Fundamentally, Brazilian short-term interest rates are above the reported rate of inflation, while those of the U.S. have been below the inflation rate for years. The Brazilian monetary authorities are hawkish. Too much has gone right for Brazilian since it moved away from hyperinflationary policies for the central bank to want to scare people into resuscitating those memories. I believe that traders may push the currency pair further on the recent trend, but ultimately the point of foreign currency-denominated investing is to obtain greater real returns than those available "risklessly" at home.

Since U.S. T-bill investing is a loser to inflation, and likely will be for a good while longer, BZF may have an inherent advantage if the central bank delivers on its commitment.

If the USD/BRL pair trades at its 4-year average around 2.0 from today's 2.34, the capital gains upside will be around 15%. Add to this about 8% annual net interest income (which will get paid as a capital gain if it occurs) and one has a reasonable opportunity here. To receive a zero return from BZF, meaning equal to cash, the currency would have to depreciate 8% more in one year against the USD. Could a negative total return be achieved from BZF? Yes, for certain. This investment vehicle is not for the faint of heart.

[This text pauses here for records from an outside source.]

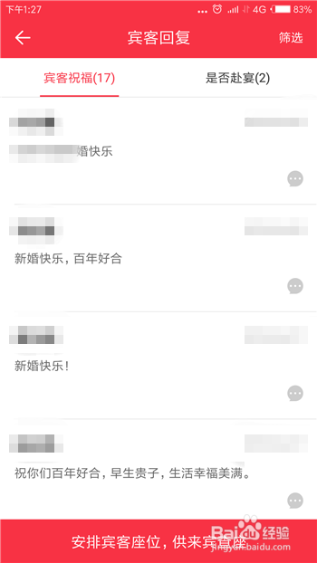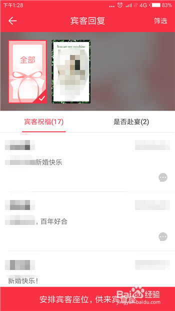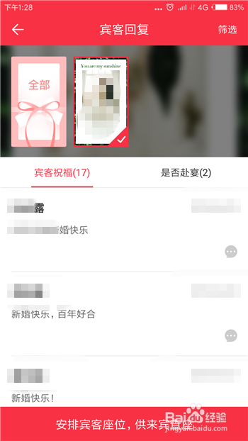 接下来就会打开宾客答复界面了,这里有宾客祝福和是否赴宴两个答复。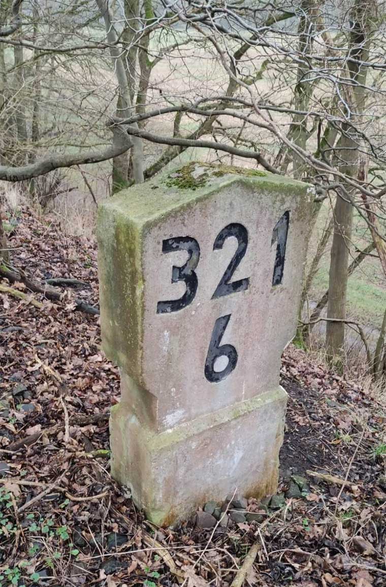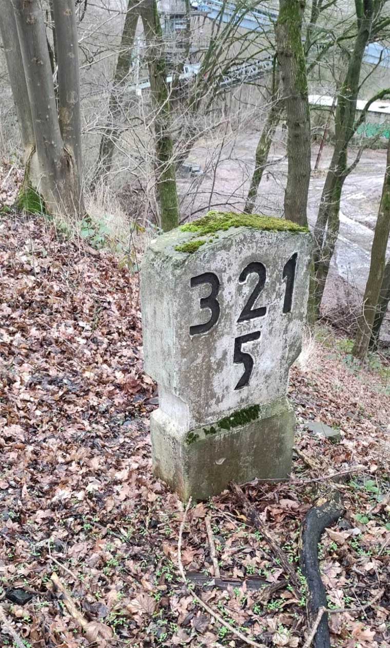 km 5,0 (Tafel und Stein) gehören zur Strecke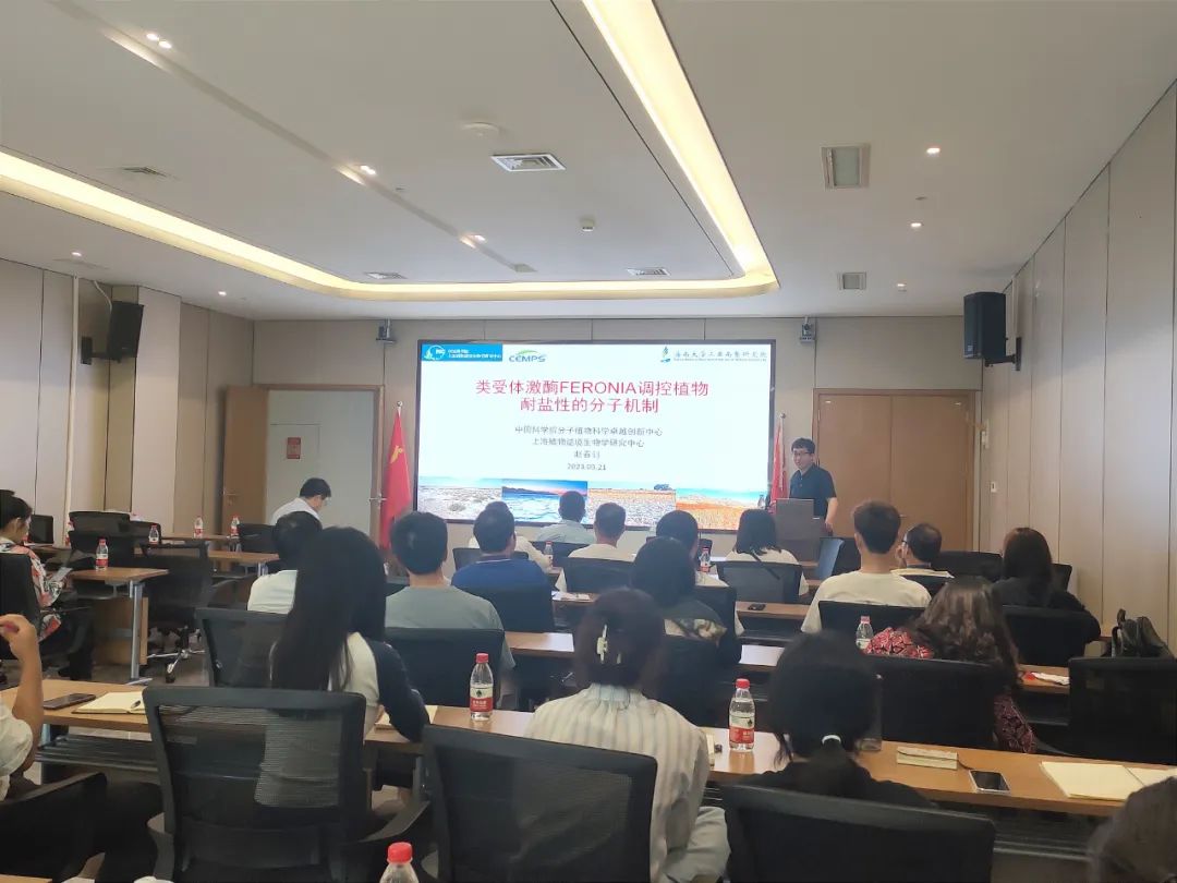 随后,赵春钊研究员重点介绍了LRXs-RALFs-FER模块在植物耐盐中的作用机制,揭示出光敏色素phyB基因突变可以抑制lrx345和fer-4突变体对盐胁迫敏感的表型。生化实验表明FER和phyB直接互作并且能够磷酸化phyB,而phyB磷酸化修饰可以调控phyB在细胞核中的暗逆转和在细胞核中的蛋白积累,阐明了FER通过调控phyB介导的光信号通路平衡植物生长和耐逆的分子机制。此外,还对相分离的概念和目前植物中相分离的相关研究进展进行了介绍,并深入浅出地讲述了相分离蛋白IDR1调控逆境胁迫下种子萌发的作用机理。

However, the U.S. is relying on monetary financing of governmental deficits, meaning that there is nothing inherently "strong" about the USD. With the Fed committing to QE at least until next year, taper or no taper this year, and likely holding short rates below the inflation rate for quite some time, the USD may be an asset out of which to diversify.

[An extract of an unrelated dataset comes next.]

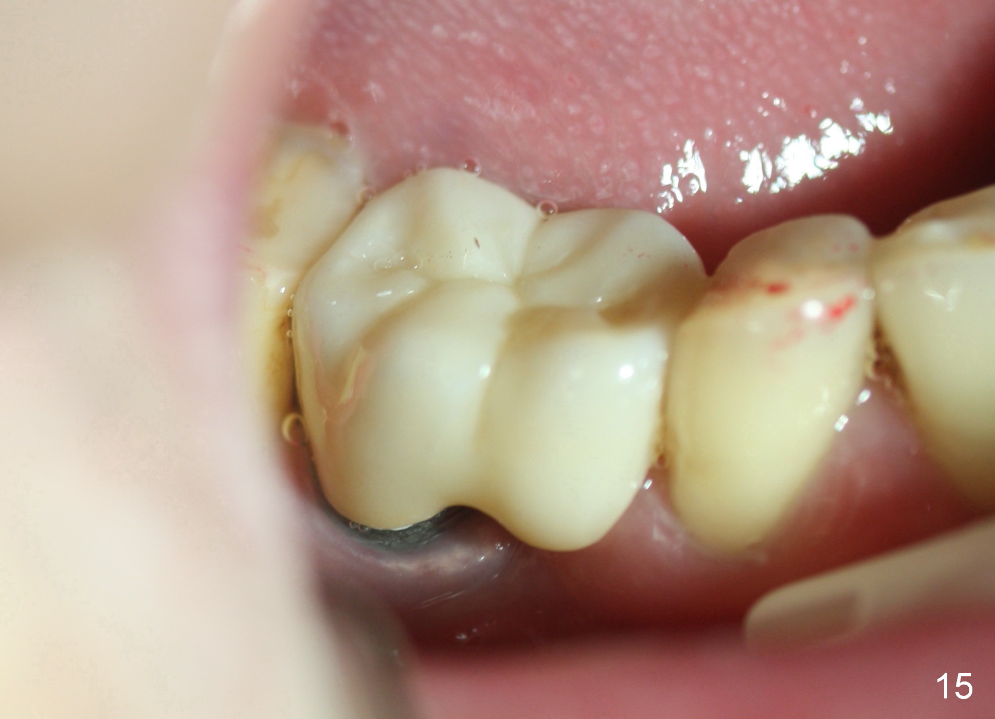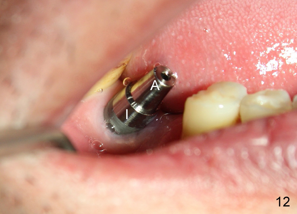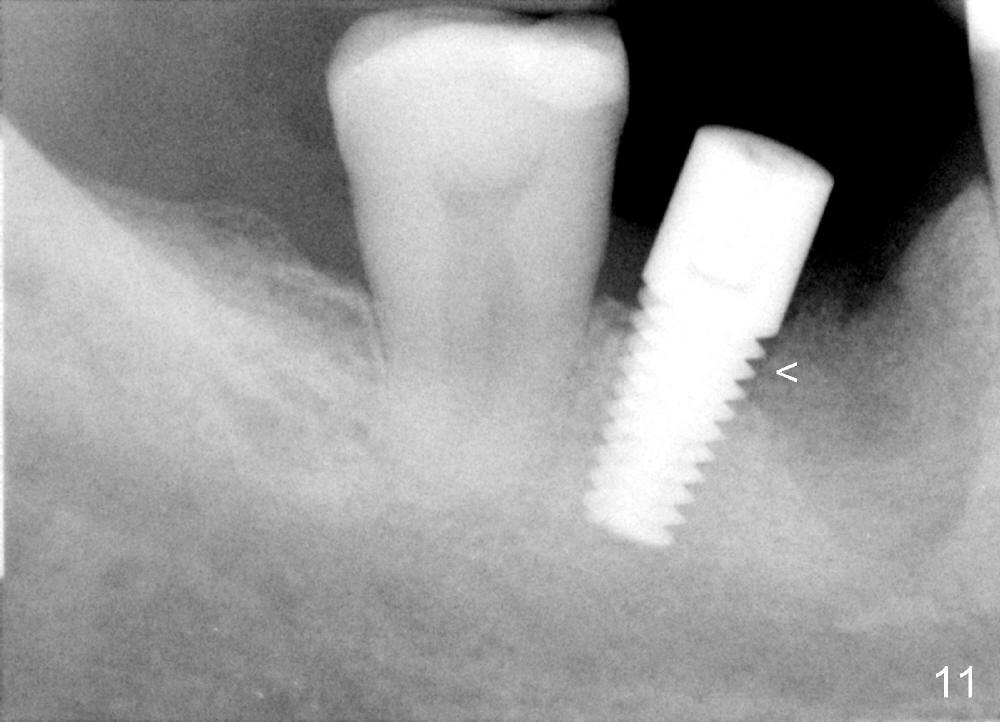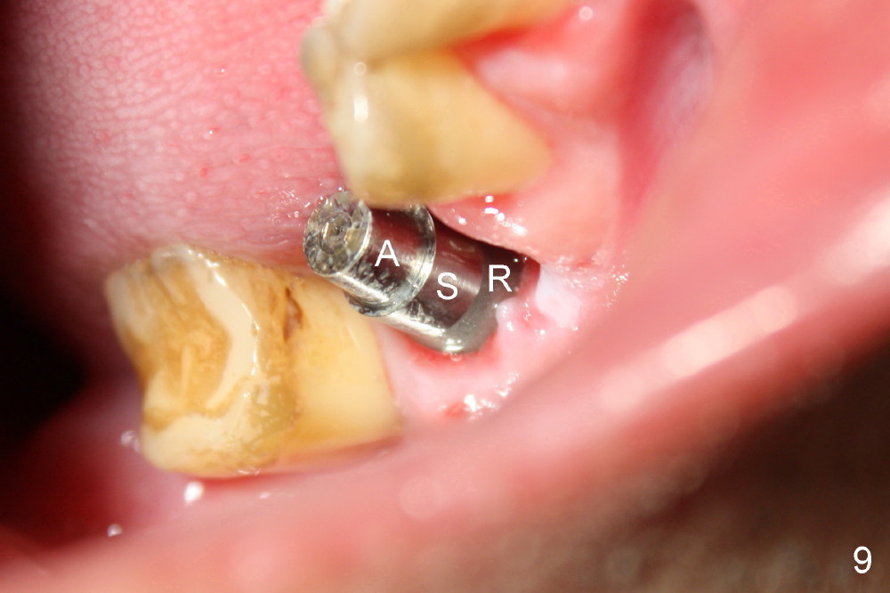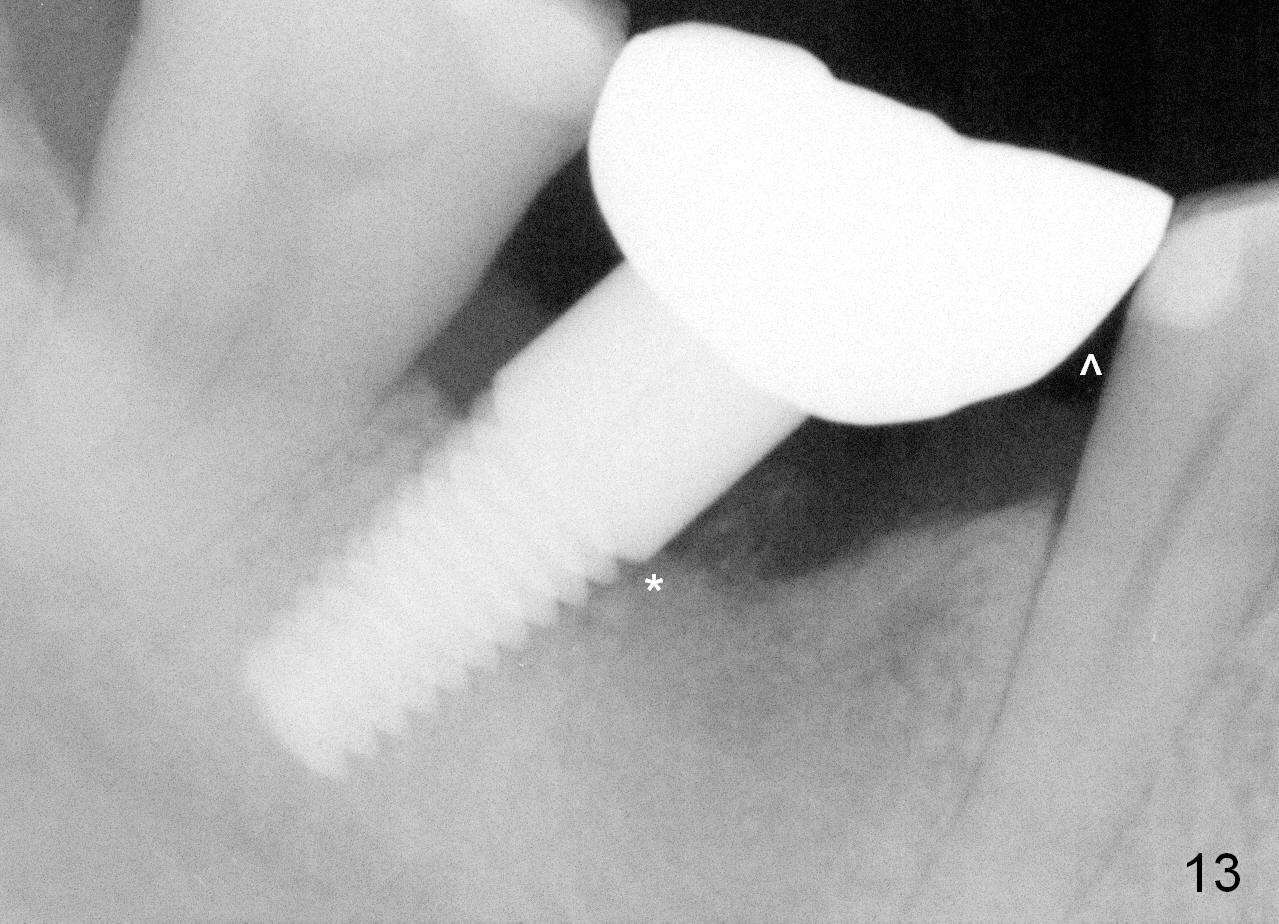 When the perio dressing is removed in office 24 days postop (Fig.9), the rough surface of the implant (R) is exposed buccally. Normally the smooth surface should contact the gingiva (S). Lingually implant/gingiva position is within normal limit (Fig.10). The patient returns for restoration 4 months postop (Fig.11,12). There is bone formation in the mesial socket and new bone appears to have grown toward the implant (Fig.11 <). A straight abutment appears to be in the middle of the edentulous space (Fig.12 A). But it is difficult to seat the crown. Three months post cementation, the patient complains of food impaction mesially (Fig.10 ^), although bone density continues to increase in the mesial socket and there is no mesial coronal thread exposure (*). Retrospectively the implant should be tried to be placed in the septum as much as possible to have a favorable restorative axis (Fig.14). The crown is re-fabricated with larger mesial contact area. It is temporarily cemented because of slightly loose distal contact (Fig.15). A few days later, the patient requests permanent cementation, because although the distal contact is loose, it is easy to remove food. Mesial food impaction is less likely, but it is more difficult to be removed.

Personally, I did very well with BZF in 2010 and 2011, then got out in the spring or early summer of 2011. One or two forays into BZF in the past year resulted in more or less breakeven trades. Having just noted the news about the continued hawkishness out of the Brazilian central bank, I consider BZF to be well-suited for self-directed IRA investing. The many fundamental and trading risks of investing in any emerging market in today's environment should be thoroughly understood by anyone contemplating investing in BZF or a similar vehicle.